## What is needed
Once you reach the line that holds "Pegatina Redonda Colorida" in the listing below, output it and every line after it through the line that holds "2026年1月16日(金)に開催した攻城戦のランキング結果を発表いたします!", word for word.

## Data extracts
——————————
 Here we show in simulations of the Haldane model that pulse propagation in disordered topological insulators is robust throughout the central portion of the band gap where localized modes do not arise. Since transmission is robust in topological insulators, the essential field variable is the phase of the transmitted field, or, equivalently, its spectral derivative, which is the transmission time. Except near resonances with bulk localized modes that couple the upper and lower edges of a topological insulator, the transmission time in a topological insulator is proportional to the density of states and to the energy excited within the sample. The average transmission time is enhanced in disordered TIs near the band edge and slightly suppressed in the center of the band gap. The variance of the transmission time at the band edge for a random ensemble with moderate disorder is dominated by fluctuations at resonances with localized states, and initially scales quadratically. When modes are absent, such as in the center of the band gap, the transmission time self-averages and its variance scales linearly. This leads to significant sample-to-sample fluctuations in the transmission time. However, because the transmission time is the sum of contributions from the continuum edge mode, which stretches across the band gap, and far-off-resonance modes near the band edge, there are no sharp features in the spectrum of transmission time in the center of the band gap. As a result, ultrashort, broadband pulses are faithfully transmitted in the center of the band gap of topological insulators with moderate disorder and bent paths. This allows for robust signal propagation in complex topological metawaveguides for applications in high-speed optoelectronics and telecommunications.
——————————
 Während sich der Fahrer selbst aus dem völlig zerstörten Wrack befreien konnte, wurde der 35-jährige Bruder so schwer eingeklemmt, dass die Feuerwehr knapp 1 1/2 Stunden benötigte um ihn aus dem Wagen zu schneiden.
——————————
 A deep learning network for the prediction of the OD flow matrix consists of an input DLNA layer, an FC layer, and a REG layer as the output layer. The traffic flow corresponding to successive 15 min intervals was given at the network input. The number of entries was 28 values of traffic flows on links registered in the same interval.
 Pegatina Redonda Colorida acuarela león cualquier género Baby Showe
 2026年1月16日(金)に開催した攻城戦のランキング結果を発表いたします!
——————————
## Exercise output
 Pegatina Redonda Colorida acuarela león cualquier género Baby Showe
 2026年1月16日(金)に開催した攻城戦のランキング結果を発表いたします!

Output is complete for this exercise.